We analyzed approximately 28,000 total images using CellProfiler (v4.1.3). Image quality was assessed by calculating a focus score using two classes Otsu thresholding method, weighted variance on 20 × 20 pixel measurements. We calculated and applied an illumination correction for each fluorescent channel (SytoxGreen and Hoechst) using a background illumination function of 50 pixels block size, without smoothing. Each corrected image was then segmented using a global robust background method (0.05–50), with a smoothing scale of 1.3488 and a correction factor of 0.89. Clumped objects were identified and split by shape. For each segmented object we measured the number and intensity of pixels in each fluorescent channel. Each image and each segmented object, along with Metadata, were exported as csv files by experiment. R (v4.0.5) software with tidyverse (v1.3.1), dplyr (v1.0.7) and readr (v1.4.0) packages were then used to transform the datasets (https://github.com/carolinestefani/ETosis-and-death-automated-pipeline).

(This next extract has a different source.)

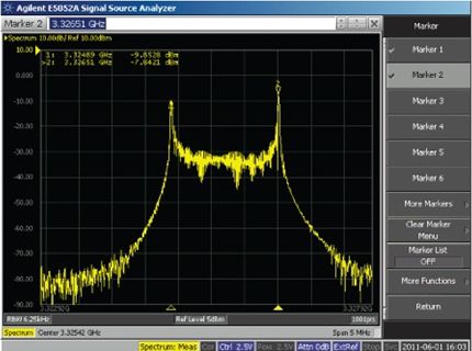 另一種方法:將低頻方波直流耦合至電源內(nèi),同時觀察VCO頻譜任一側上的頻移鍵控 (FSK)調(diào)制峰值(圖2)。峰值間頻率偏差除以方波幅度,便得出VCO推壓系數(shù)。該測量方法比靜態(tài)直流測試更精確,因為消除了與直流輸入電壓變化相關的任何熱效應。圖2顯示ADF4350 VCO輸出在3.3 GHz、對標稱3.3 V電源施加10 kHz、0.6 V p-p方波時的頻譜分析儀曲線圖。對于1.62 MHz/0.6 V或2.7 MHz/V的推壓系數(shù),最終偏差為3326.51 MHz – 3324.89 MHz = 1.62 MHz.該結果可與表1中的靜態(tài)測量 2.3 MHz/V比較。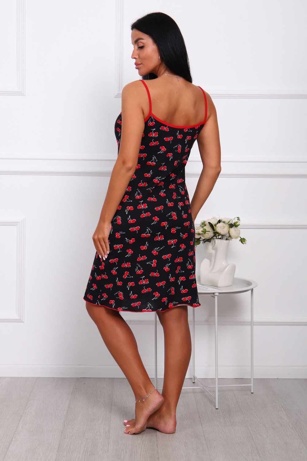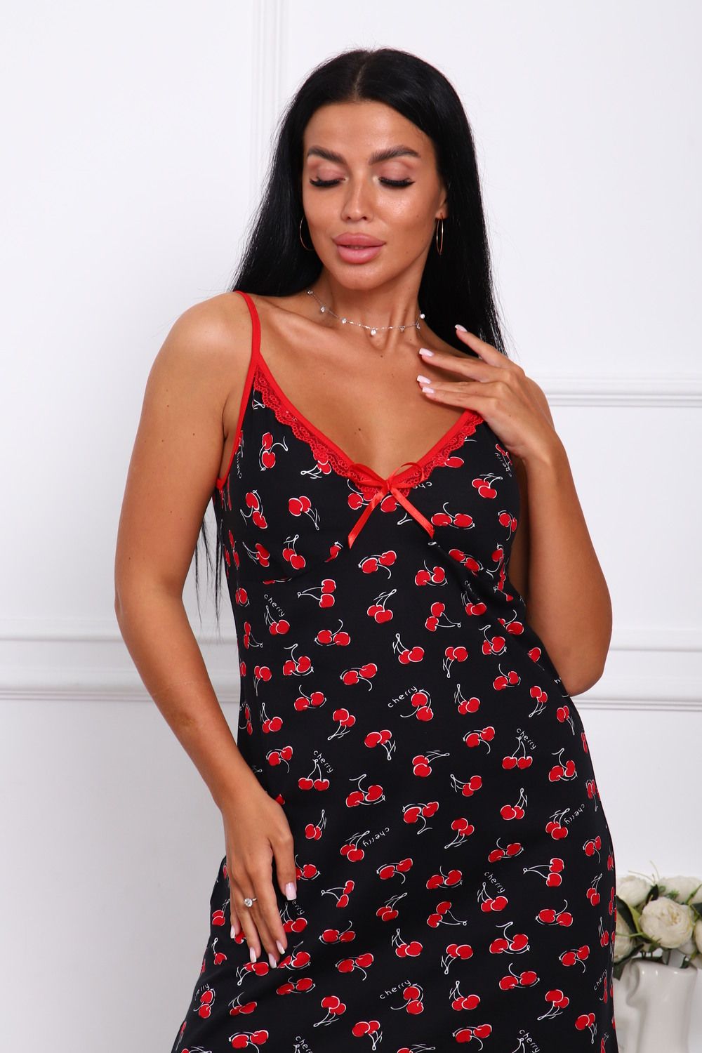 Ночная сорочка женская выполнена из набивного трикотажного полотна кулирка. Сорочка на бретельках, полуприлигающего силуэта.

Data from images and objects were merged, and measurements from individual images with a Focus Score <0.2 were removed from further analysis. This allowed us to identify and select only images that were in focus. Surface area, Hoechst intensity and SytoxGreen intensity per object (nucleus) and per individual animal were then imported into FlowJo (v10.8.0), and percentages of cells per delineated population (dead/dying cell, live cell, and ETotic cell) were calculated. Dying and ETotic cells were gated as indicated on the figures. Finally, percentages per individual animal surveyed were combined and tested for statistical significance using GraphPad Prism (v9.2.0). All statistical tests were performed using two-tailed unpaired student t-test *p < 0.05, **p < 0.01, ***p < 0.001, ****p < 0.0001.

Statistics and reproducability

No statistical method was used to predetermine sample size. No data were excluded from the analyses.

Reporting summary

Further information on research design is available in the Nature Portfolio Reporting Summary linked to this article.